Supplied information |
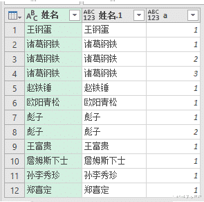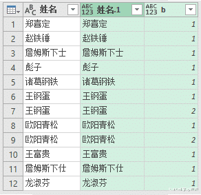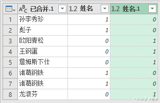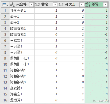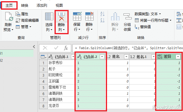 17. 选择任务栏的“添加列”-->“自定义列”--> 将两列姓名相减
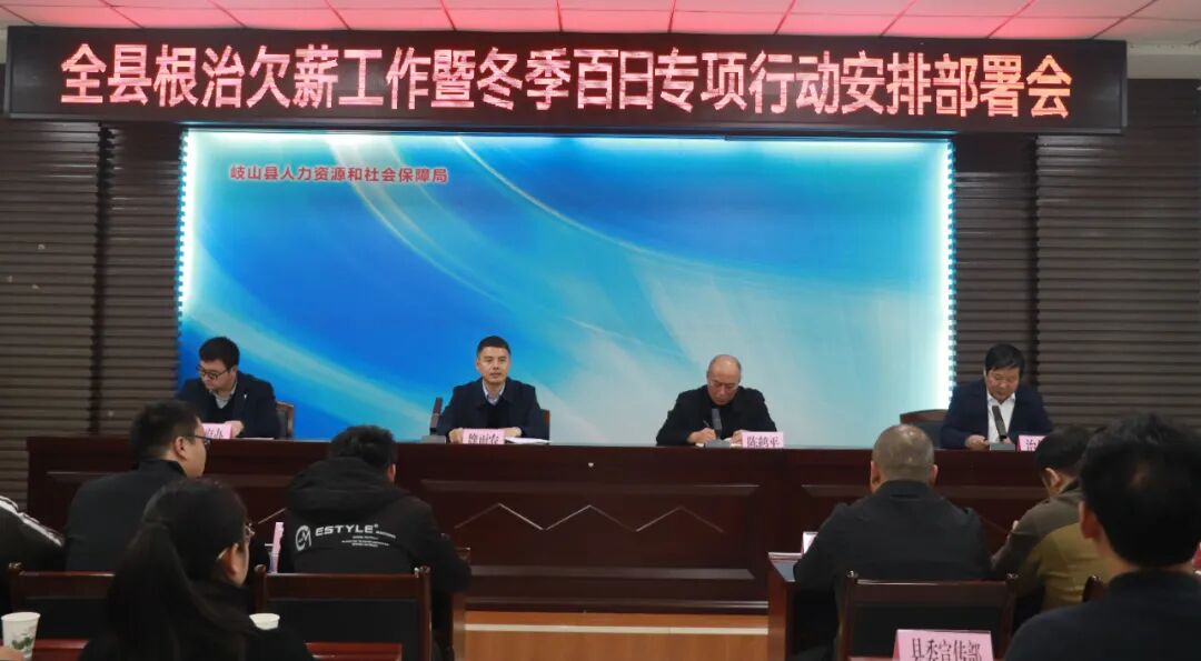 11月21日,岐山县根治欠薪工作暨冬季百日专项行动安排部署会议在县社保中心六楼会议室召开。县委常委、常务副县长、县治欠工作领导小组组长魏雨农出席并讲话,经开区党工委专职副书记、县治欠工作领导小组副组长陈鹤平出席会议,县人社局局长王力行、各镇分管负责同志、县治欠工作领导小组成员单位负责同志、全县部分在建项目主要负责同志参加会议。
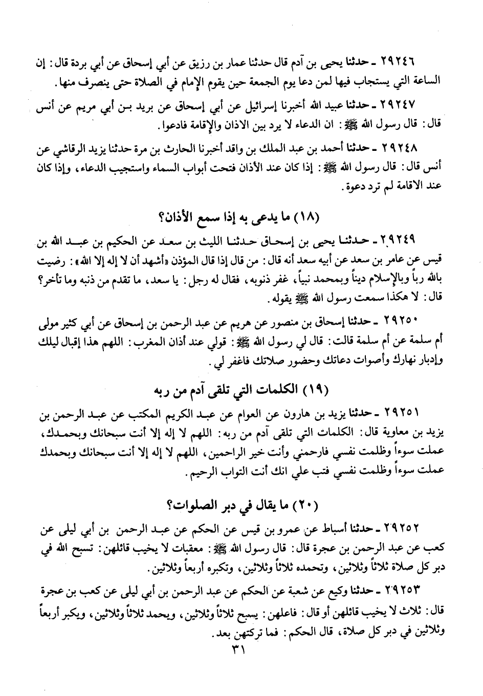 29254 - حَدَّثَنَا أَبُو الْأَحْوَصِ، عَنْ مَنْصُورٍ، عَنِ الْحَكَمِ، عَنْ عَبْدِ الرَّحْمَنِ بْنِ أَبِي لَيْلَى، عَنْ كَعْبٍ، قَالَ: «مُعَقِّبَاتٌ لَا يَخِيبُ قَائِلُهُنَّ»، ثُمَّ ذَكَرَ مِثْلَ حَدِيثِ وَكِيعٍ

Task description |
Every line above should be returned word for word, with the pictures left behind.

Solution to the exercise |
 17. 选择任务栏的“添加列”-->“自定义列”--> 将两列姓名相减
 11月21日,岐山县根治欠薪工作暨冬季百日专项行动安排部署会议在县社保中心六楼会议室召开。县委常委、常务副县长、县治欠工作领导小组组长魏雨农出席并讲话,经开区党工委专职副书记、县治欠工作领导小组副组长陈鹤平出席会议,县人社局局长王力行、各镇分管负责同志、县治欠工作领导小组成员单位负责同志、全县部分在建项目主要负责同志参加会议。
 29254 - حَدَّثَنَا أَبُو الْأَحْوَصِ، عَنْ مَنْصُورٍ، عَنِ الْحَكَمِ، عَنْ عَبْدِ الرَّحْمَنِ بْنِ أَبِي لَيْلَى، عَنْ كَعْبٍ، قَالَ: «مُعَقِّبَاتٌ لَا يَخِيبُ قَائِلُهُنَّ»، ثُمَّ ذَكَرَ مِثْلَ حَدِيثِ وَكِيعٍ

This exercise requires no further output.